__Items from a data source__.
.....
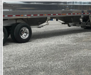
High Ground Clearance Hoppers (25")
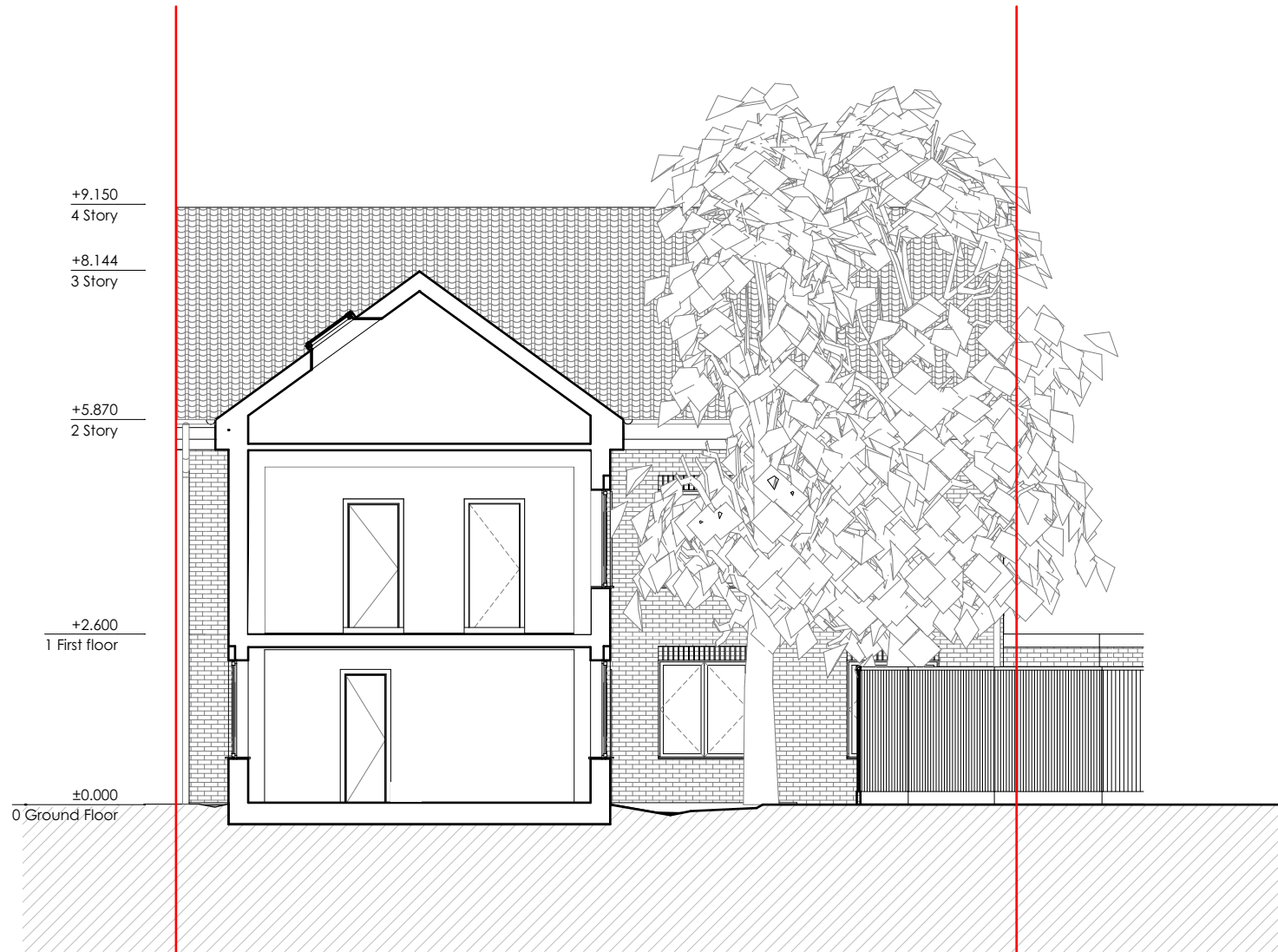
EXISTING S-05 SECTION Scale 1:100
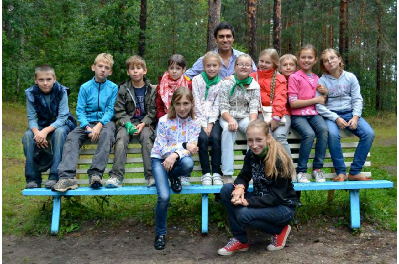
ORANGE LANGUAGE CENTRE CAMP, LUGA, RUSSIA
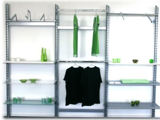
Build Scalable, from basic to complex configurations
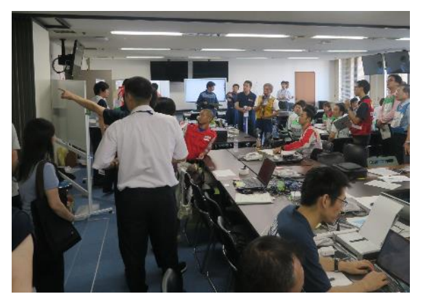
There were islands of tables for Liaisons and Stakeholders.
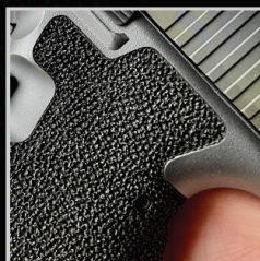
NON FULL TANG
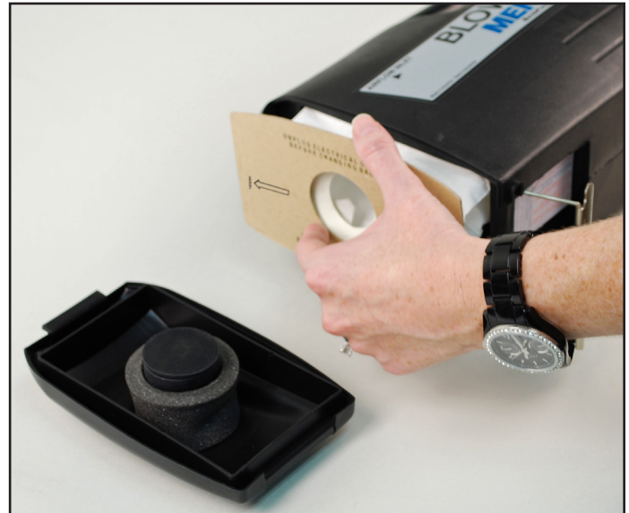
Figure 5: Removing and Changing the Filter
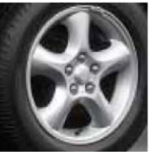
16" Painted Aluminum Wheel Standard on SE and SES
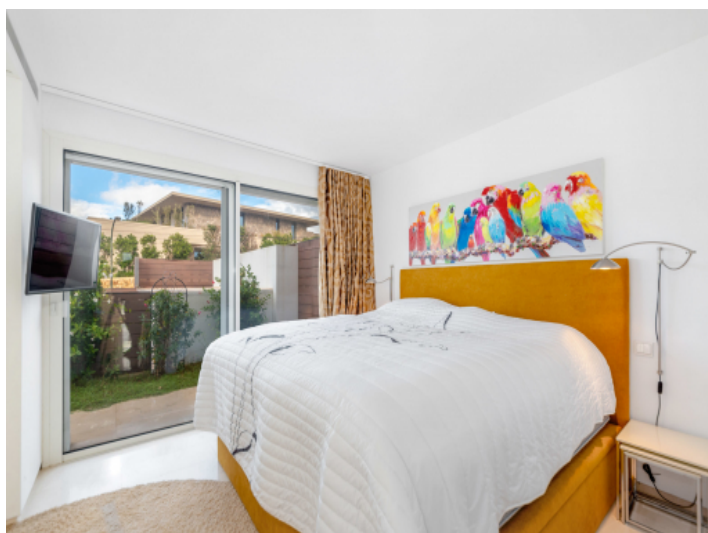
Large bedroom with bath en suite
.....
Keep every word of the lines above unchanged in the copy, and omit the pictures.

High Ground Clearance Hoppers (25")
EXISTING S-05 SECTION Scale 1:100
ORANGE LANGUAGE CENTRE CAMP, LUGA, RUSSIA
Build Scalable, from basic to complex configurations
There were islands of tables for Liaisons and Stakeholders.
NON FULL TANG
Figure 5: Removing and Changing the Filter
16" Painted Aluminum Wheel Standard on SE and SES
Large bedroom with bath en suite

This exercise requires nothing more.